Jay wasn’t a fool. He knew he was in constant danger. They all were. Tough as any one of them might be, there was always something bigger, faster, stronger, and more deadly. His siblings survived by being opportunists and bullies. He tried to resist those impulses, which only made him even more of an outcast. He accepted it all: his strength, his personality quirks, and his general lot in life.
Robin was a different story. She was open and trusting, a breath of fresh air in his cruel and capricious world. He liked being around her even though her innocence sometimes made his heart ache. She seemed so defenseless. He’d watched over her since she was born and had kept danger at bay. But there was only so much he could do.

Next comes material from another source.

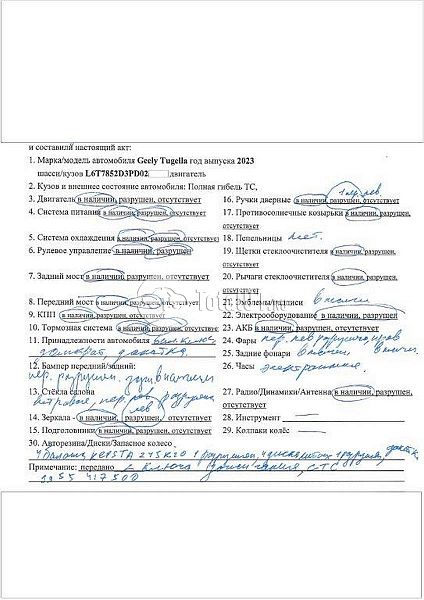 Состояние ПТС | Отсутствует |
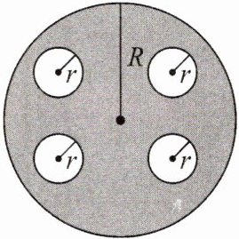 17. (新教材P136T6)如图,在半径为R的圆形钢板上,挖去半径为r的四个小圆,计算当$R = 5.6cm$,$r = 1.2cm$时剩余部分的面积. (π取3.14)

The statistics told the story. Most robins didn’t survive their first year; and she, tiny and with an underdeveloped set of wings, would not last even that long. There would be a cat, a car or—he hung his head in shame—a bullying blue jay that would make short work of her. Or some other force of nature would do her in. She might never see an autumn glowing like molten metal or marvel at a single snowflake. Instead, she would likely perish along with many other fledglings doomed to die in a winter they’d forgotten how to flee.
Why did Mother Nature have to be so cruel?
He heard Robin singing. There was no bitterness in her sweet music. Ignorance is bliss, Jay thought and then, and why not? He shook himself and lifted his head to the warm sun.
In the distance, Robin lifted a wing and called out, “See? Best spring ever.”